***** Extracted material

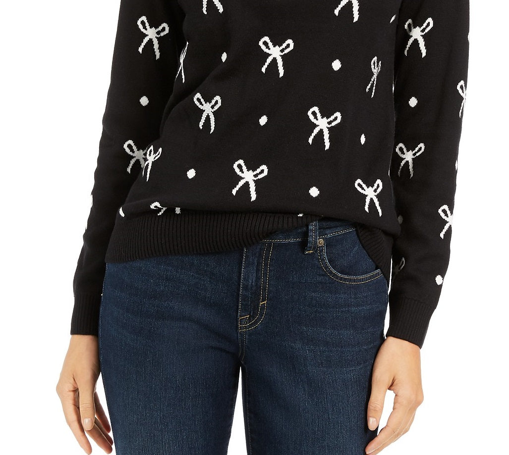 Charter Club Women's Reese Beaded-Bow Dotted Sweater Black Size Extra Large
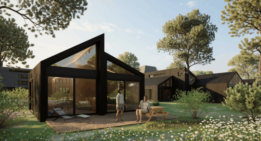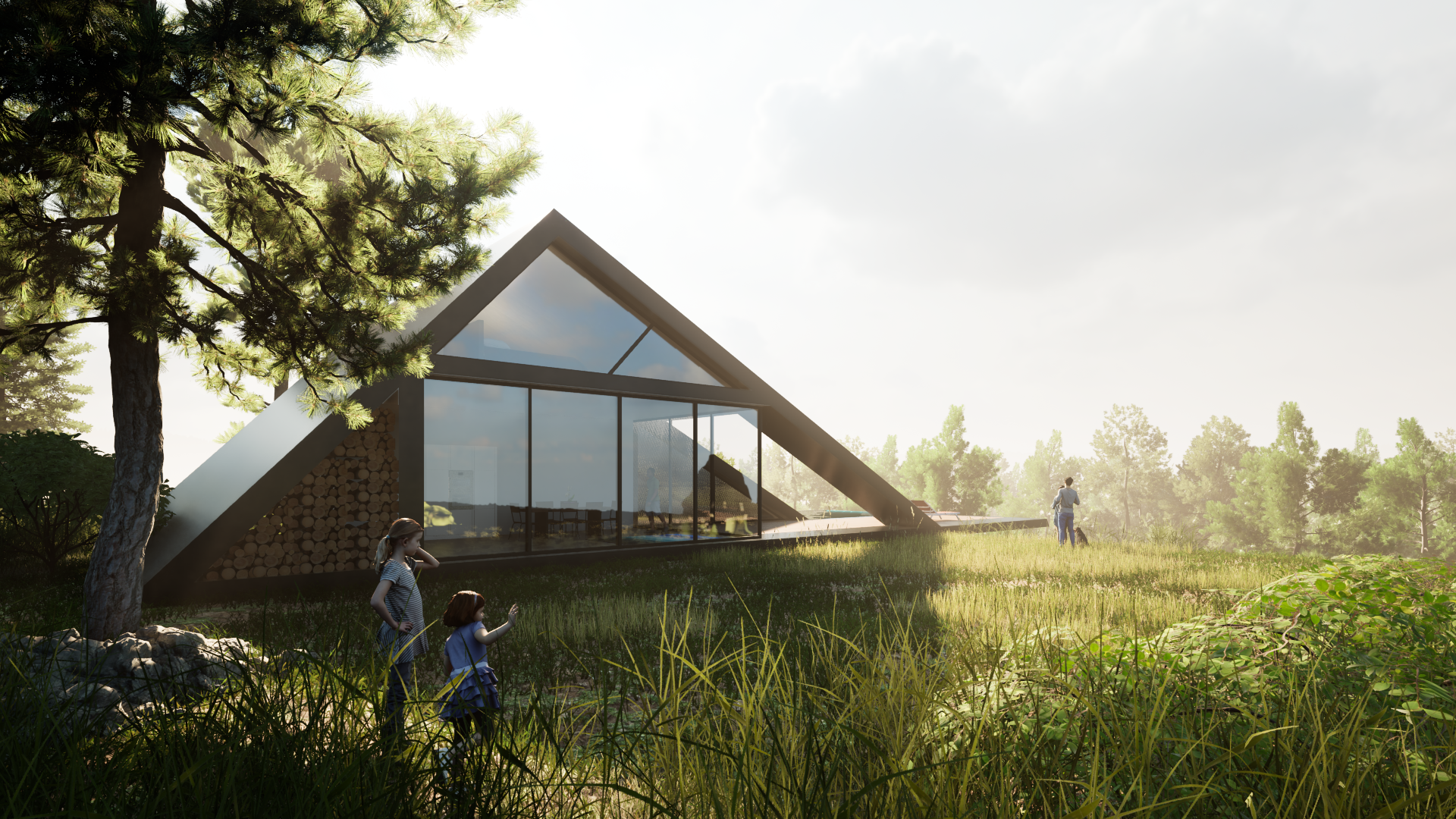 Ontwerp voor een moderne, duurzame en autonome vakantiewoning in de natuur.
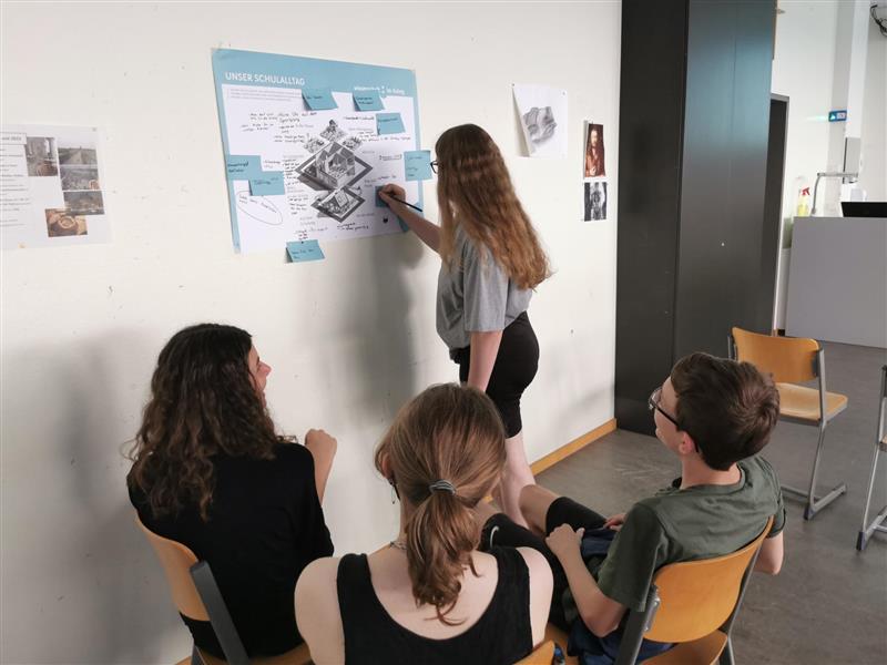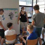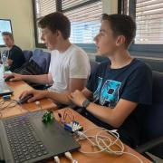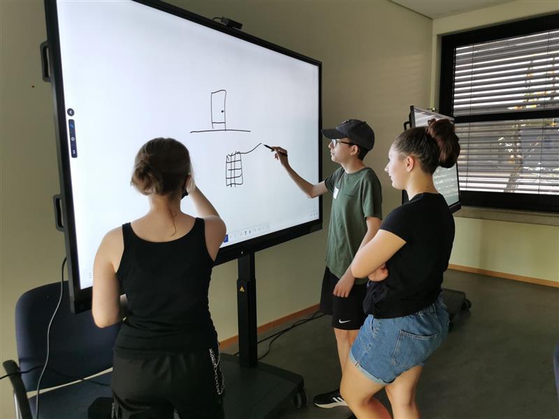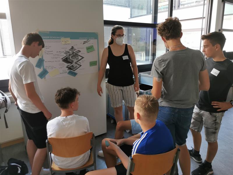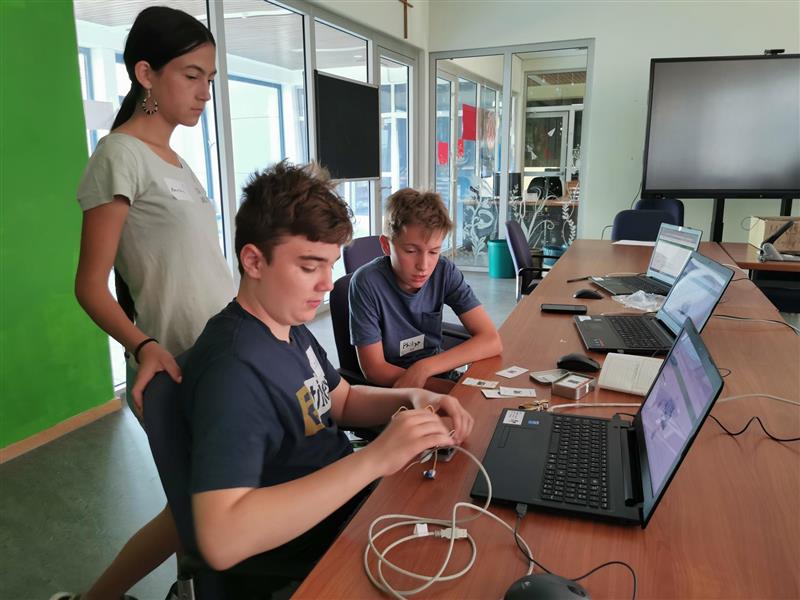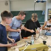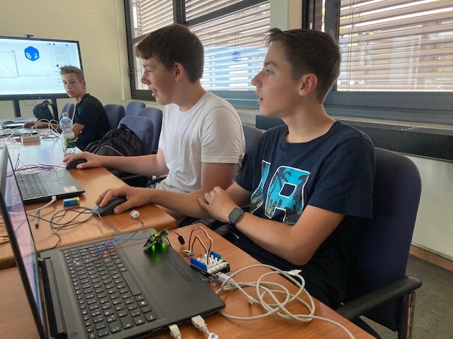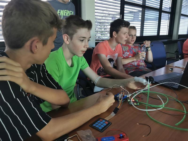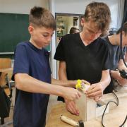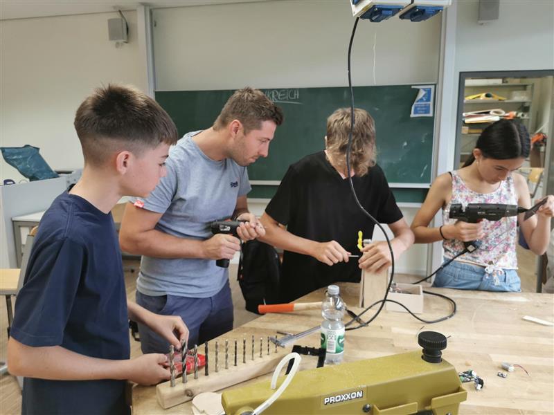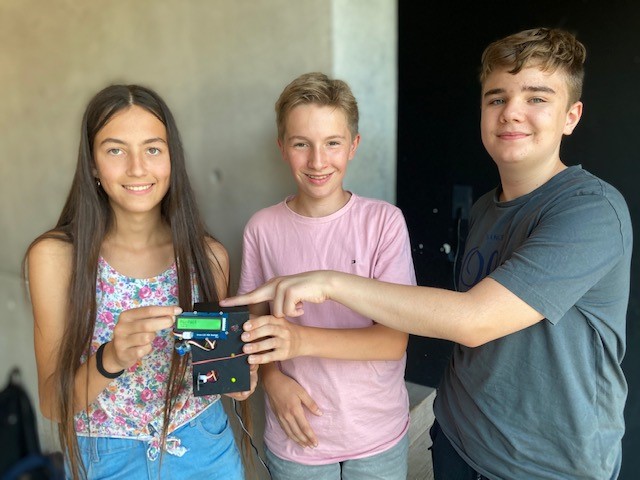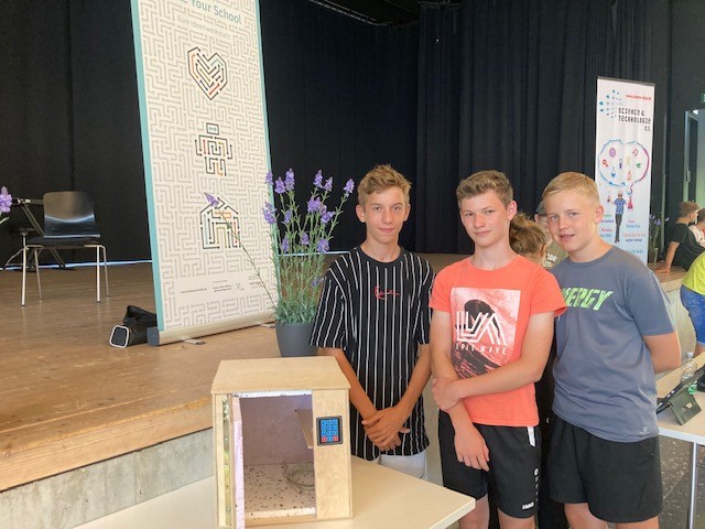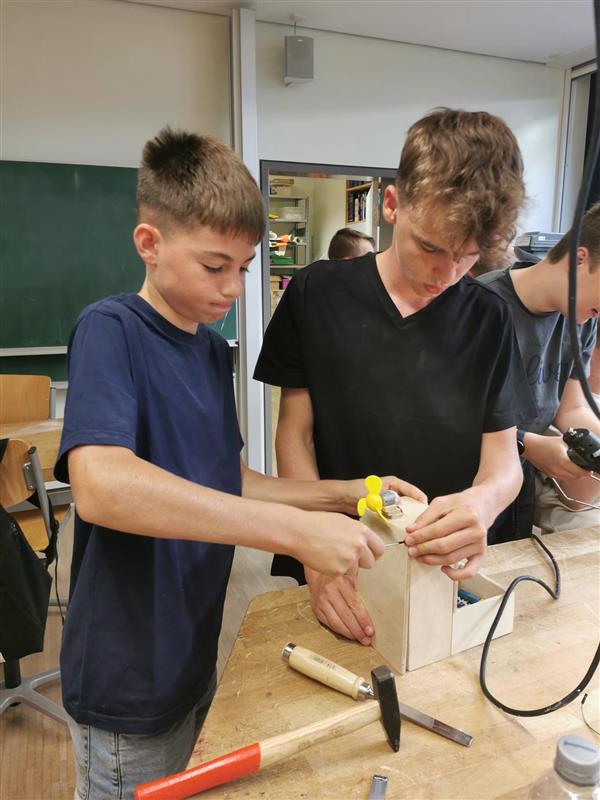 Luca, Luca und Tom aus der G08e beispielsweise entwarfen – wohl angespornt von den heißen Temperaturen – einen kleinen zahlenschlossgesicherten Kühlschrank. Wer hätte ihn nicht gern für Getränke und Vesper unter dem Schultisch? Eric, Ben, Jonathan, Joshua und Joshua aus der R09a tüftelten an einem Stiftspender – praktisch für alle, die gerne mal das Arbeitsmaterial vergessen. Und Annika, Cedric und Philipp (G08a) nahmen sich die bereits installierten CO2-Messgeräte zum Vorbild und konstruierten eine Lautstärkeampel für Klassenzimmer. Diese zeigt an, wenn es laut und wann eindeutig zu laut im Klassenzimmer ist. Das Fazit der Schülerinnen und Schüler ist eindeutig: Die Tüftelei hat ihnen großen Spaß gemacht. Vor allem, dass anfangs Dinge auch schief gegangen sind oder scheinbar unlösbare Probleme wie das Programmieren mithilfe der Mentoren gelöst werden konnte, war eine gute Erfahrung.
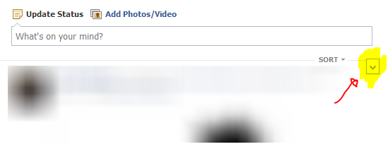Next time you see a post from them in your timeline, move your pointer up to the top of the post, and move over to the right. A little drop down arrow box will appear. Click it:
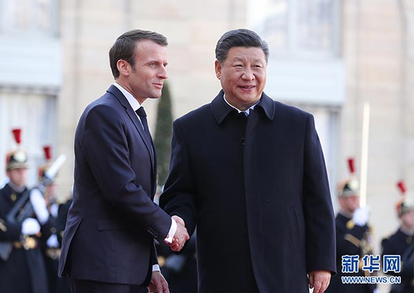 3月25日,国家主席习近平在巴黎爱丽舍宫同法国总统马克龙会谈。会谈前,马克龙在凯旋门为习近平举行隆重、盛大的欢迎仪式。 新华社记者 姚大伟 摄
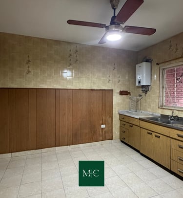 Casa de PB con 2 habitaciones, garage, living comedor, quincho, patio y parrillero. Ubicada en Barrio Matheu.

**********

Exactly the lines from the top of the entries through the line with "Ontwerp voor een", inclusive, must be given again, with every picture omitted.

 Charter Club Women's Reese Beaded-Bow Dotted Sweater Black Size Extra Large
 Ontwerp voor een moderne, duurzame en autonome vakantiewoning in de natuur.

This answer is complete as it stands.